* _TASK TO CARRY OUT_
Copy every entry exactly as it stands, though any image it holds should stay out of the copy.

* _PROVIDED RECORDS_
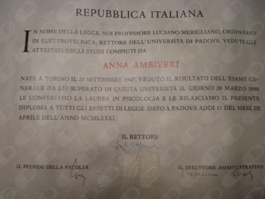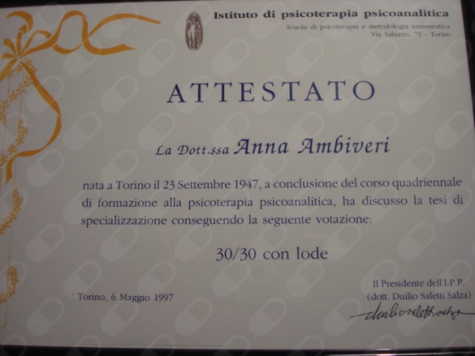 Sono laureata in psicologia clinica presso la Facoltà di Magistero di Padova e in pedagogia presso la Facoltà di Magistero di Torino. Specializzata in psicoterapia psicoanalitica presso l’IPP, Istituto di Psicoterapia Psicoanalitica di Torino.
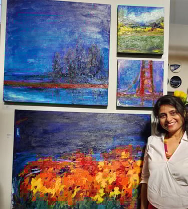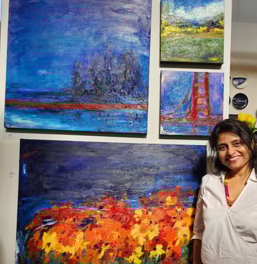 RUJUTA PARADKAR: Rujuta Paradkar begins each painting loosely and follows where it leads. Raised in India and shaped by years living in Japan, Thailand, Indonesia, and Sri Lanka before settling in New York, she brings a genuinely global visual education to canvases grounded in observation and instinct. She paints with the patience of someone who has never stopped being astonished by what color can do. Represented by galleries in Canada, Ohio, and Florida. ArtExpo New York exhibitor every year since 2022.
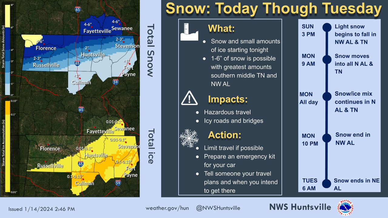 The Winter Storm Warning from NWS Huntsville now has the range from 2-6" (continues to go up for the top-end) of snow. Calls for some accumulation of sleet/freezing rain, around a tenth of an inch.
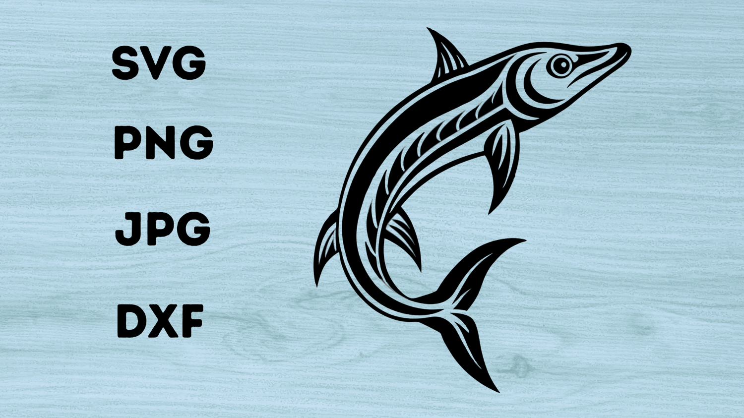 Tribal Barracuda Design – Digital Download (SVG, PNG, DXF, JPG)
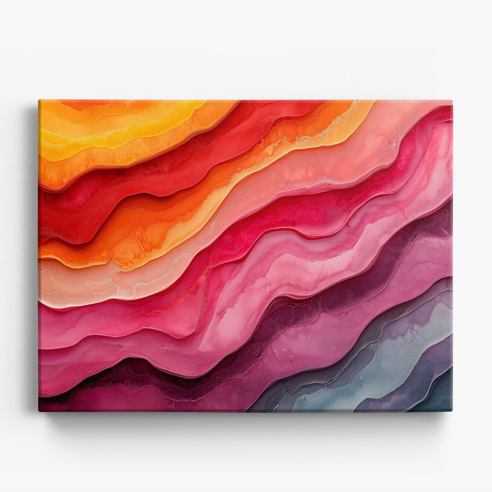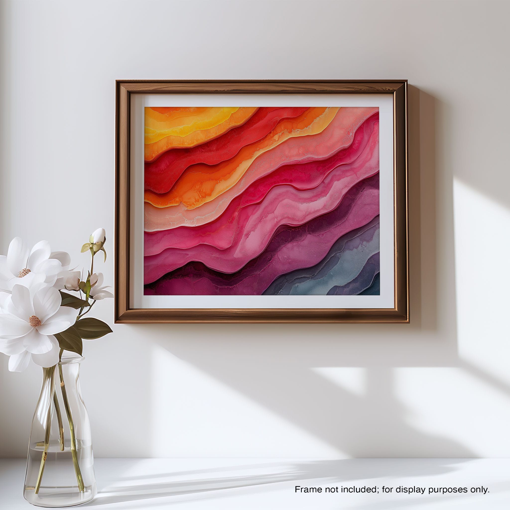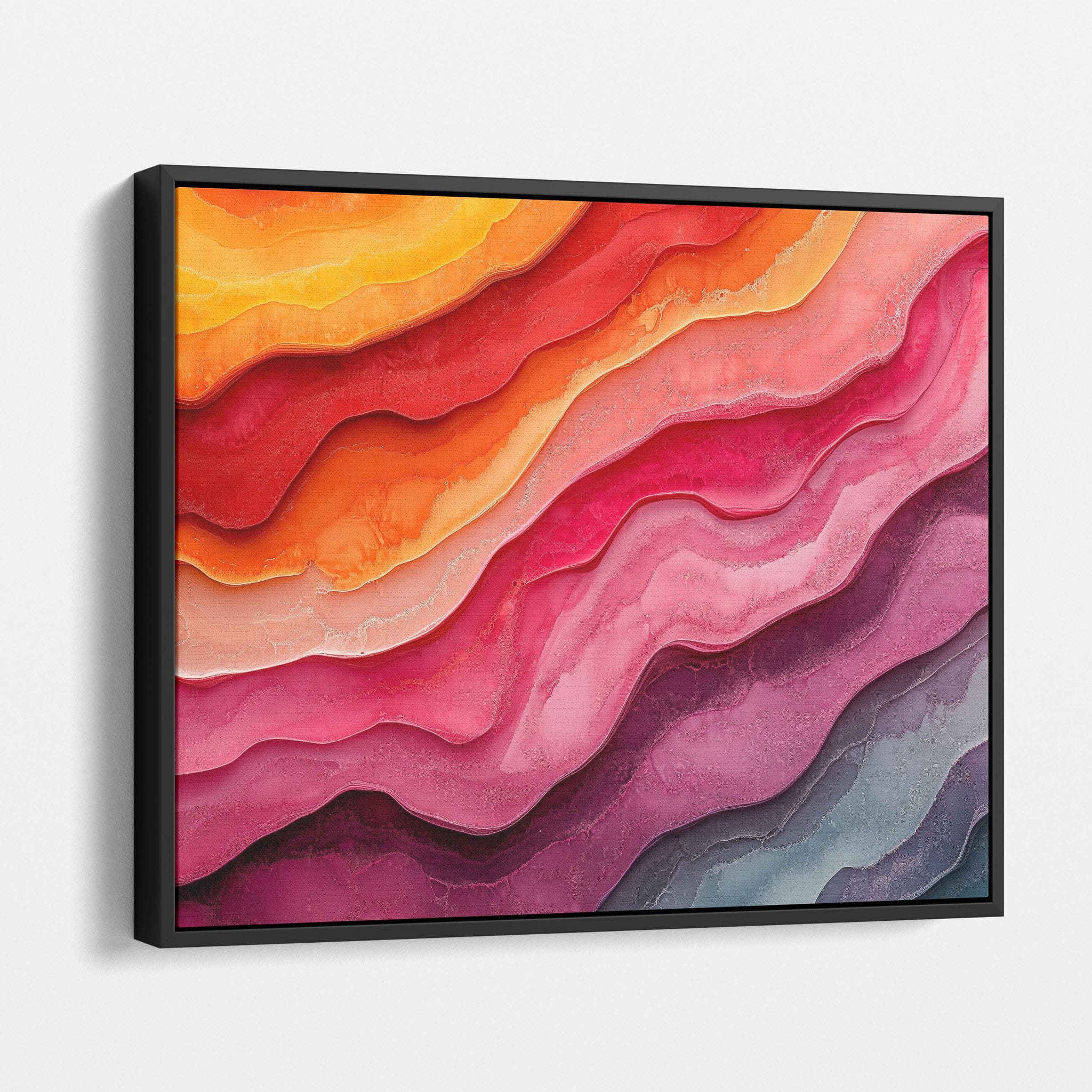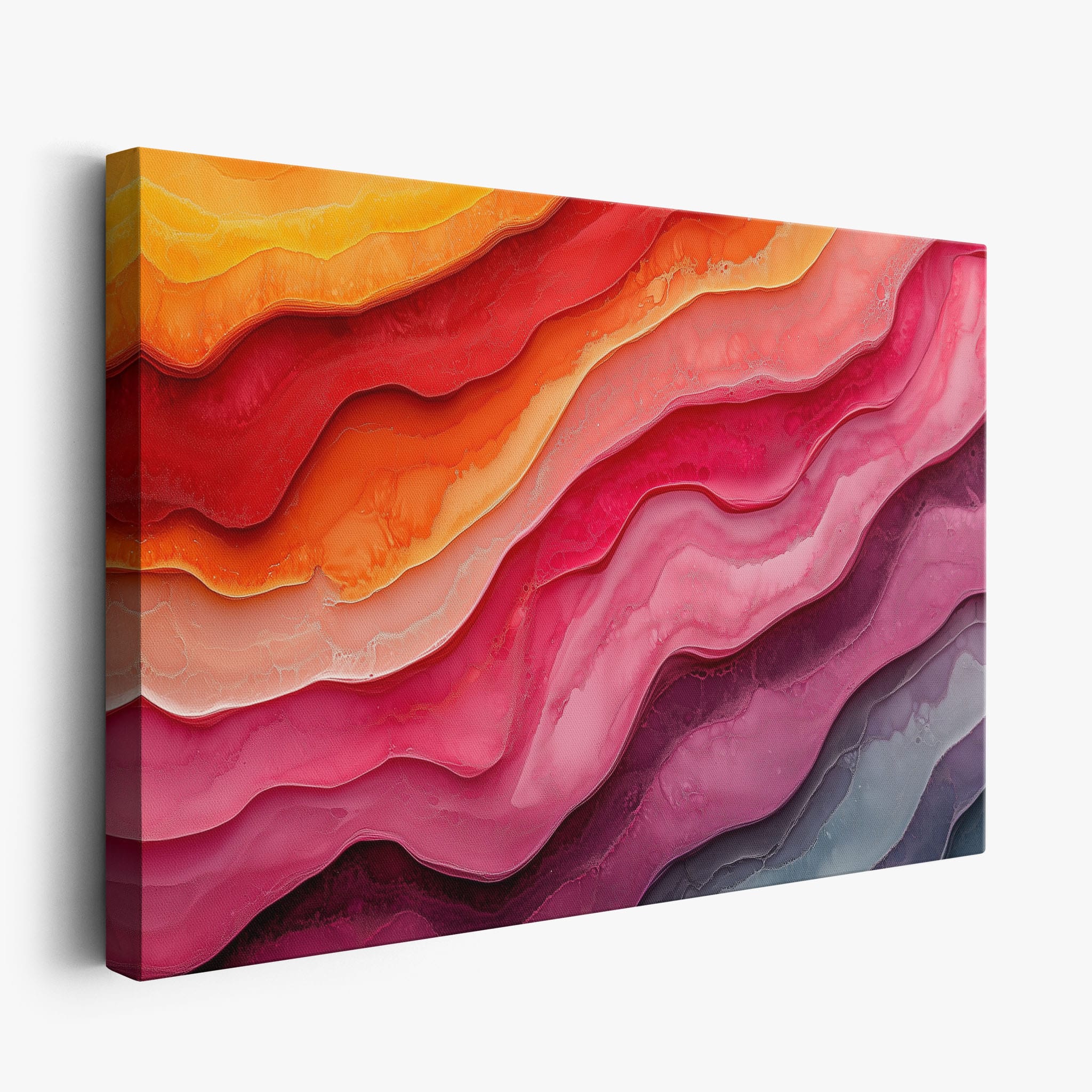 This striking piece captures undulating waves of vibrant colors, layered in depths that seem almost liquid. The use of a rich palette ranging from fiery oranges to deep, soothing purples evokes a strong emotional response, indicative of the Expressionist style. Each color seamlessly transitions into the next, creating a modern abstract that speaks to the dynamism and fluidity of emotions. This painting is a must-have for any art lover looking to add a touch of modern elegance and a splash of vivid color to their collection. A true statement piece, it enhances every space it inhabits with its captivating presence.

* _FINAL ANSWER_
 Sono laureata in psicologia clinica presso la Facoltà di Magistero di Padova e in pedagogia presso la Facoltà di Magistero di Torino. Specializzata in psicoterapia psicoanalitica presso l’IPP, Istituto di Psicoterapia Psicoanalitica di Torino.
 RUJUTA PARADKAR: Rujuta Paradkar begins each painting loosely and follows where it leads. Raised in India and shaped by years living in Japan, Thailand, Indonesia, and Sri Lanka before settling in New York, she brings a genuinely global visual education to canvases grounded in observation and instinct. She paints with the patience of someone who has never stopped being astonished by what color can do. Represented by galleries in Canada, Ohio, and Florida. ArtExpo New York exhibitor every year since 2022.
 The Winter Storm Warning from NWS Huntsville now has the range from 2-6" (continues to go up for the top-end) of snow. Calls for some accumulation of sleet/freezing rain, around a tenth of an inch.
 Tribal Barracuda Design – Digital Download (SVG, PNG, DXF, JPG)
 This striking piece captures undulating waves of vibrant colors, layered in depths that seem almost liquid. The use of a rich palette ranging from fiery oranges to deep, soothing purples evokes a strong emotional response, indicative of the Expressionist style. Each color seamlessly transitions into the next, creating a modern abstract that speaks to the dynamism and fluidity of emotions. This painting is a must-have for any art lover looking to add a touch of modern elegance and a splash of vivid color to their collection. A true statement piece, it enhances every space it inhabits with its captivating presence.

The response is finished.